BK: Yep! Kat and I met after a show at in a bar in NYC. We became quick friends because we both come from loud midwestern families and I’ve always enjoyed hanging out with sassy, opinionated people. Kat and I regularly talk politics, she’s extremely smart, beautiful and funny. Katherine Timpf is already a star and when it’s all said and done she’s going to be one the most influential journalists, authors, and television personalities in the world. I think it’s fair to say we both agree government needs to stay out of people’s lives and would like to see the entire political system reformed.
RM: She did an awfully powerful interview on your show where she shared the experience of losing her mother…What was the most important thing you learned about how people respond to death from that episode; and why would you consider that to be a must-listen for anyone who is going through a similar situation?
BK: Kat is the strongest person I’ve ever known. Her story is so powerful and it resonated with millions of people who have gone through or empathize with her going through such a horrific ordeal. The most important thing I learned was to reaffirm my belief in the power of humor. Kat’s limitless wit is truly something to be in awe of.
RM: How would you best describe the attitude Americans have towards politics a little over a year away from the 2016 presidential election?
BK: The American people feel the entire system is bought by big corporations and therefore have disengaged with the political process. Washington has failed the American people for decades and hurt job creation through NAFTA, TPP, repeal of Glass-Steagall, and the Telecommunication Act, just to name a few. So, the American people are pissed and that’s why Bernie Sanders, Donald Trump and Carly Fiorina are doing so well in their respective parties.

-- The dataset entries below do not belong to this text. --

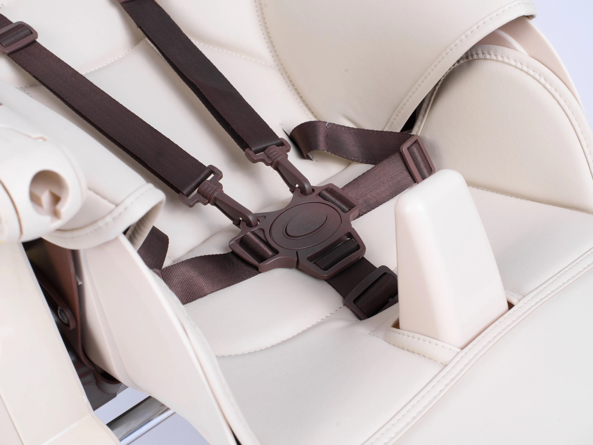 3. 5-punktowe pasy bezpieczeństwa zapinane szybką klamrą zapewnią stabilną pozycję malucha w krzesełku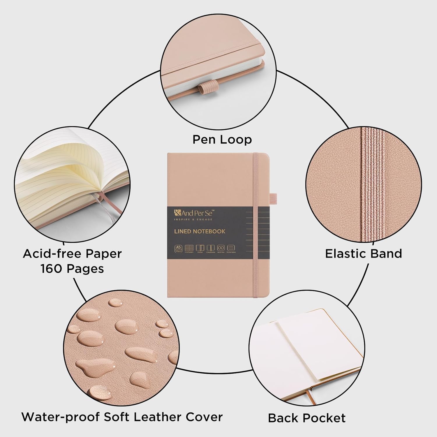 &And Per Se Lined Journal Notebook, 160 Pages, A5 5.7 x 8 inches College Ruled Thick Paper Notebook Journals for Writing, Hardcover Notebooks for Women Men Office School (1 Pack, Apricot)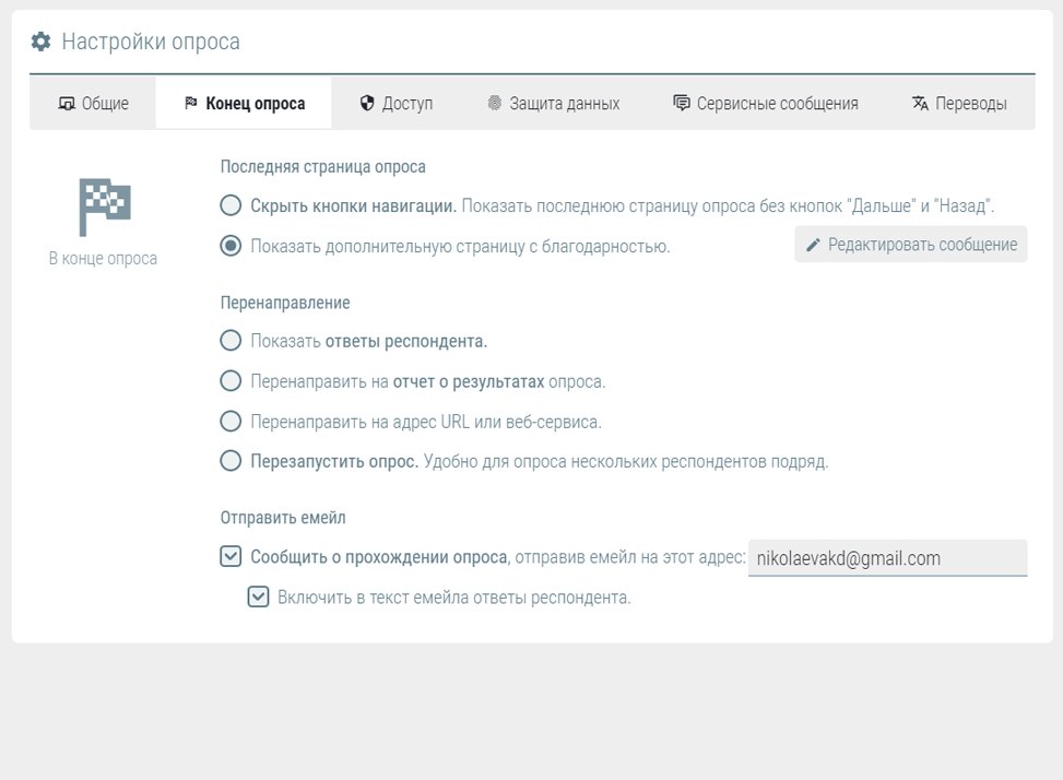 На вкладке «Конец опроса» вы устанавливаете, что происходит, когда респонденты достигают конца опроса или полностью заполняют анкету.

RM: I heard Dick Cheney not too long ago state in an interview that he “would love” to see Vice President Biden run in 2016…Do you buy that he has any sort of genuine interest in that happening, or do you just think he just wants to see Hillary’s number’s dip in the polls?
BK: I can’t talk about Dick Cheney right now, THEY’RE listening.
RM: The Electoral College: Keep it or dump it? Why?
BK: I’m very conflicted on the EC. I do enjoy the idea of a popular vote as did Andrew Jackson and as DOES Al Gore but I also think there are more important reforms that need to happen. We must end rogue gerrymandering and redistricting in order to diversify congressional districts so that politicians are forced to compromise and actually legislate on behalf of their entire constituency.
RM: Which portion of the comedic writing process do you loathe the most and why? Conversely, which aspect of that procedure do you think is your specialty; and why do you think you excel at that particular part of your craft?
BK: I don’t really loathe any of it. I really enjoy writing with Henry Zebrowski; we have a pilot and a screenplay. My favorite writing to do is with friends, when we can just get together and play around. I’ve always surrounded myself with very talented, quick-witted people. I suppose the main thing I excel at is maintaining great company.
RM: What’s up next for you in the remainder of 2015 and beyond? Anything big in the works that we need to know about?
BK: I have no idea what the future holds but as far as the rest of 2015 I’ll continue to grow my podcasts and perfect the craft of radio. I hope to continue appearing on Fox News and Fox Business, the network has been very kind to me and I’d like to grow with them more in the future. And with stand up my goal is to continue making audiences laugh.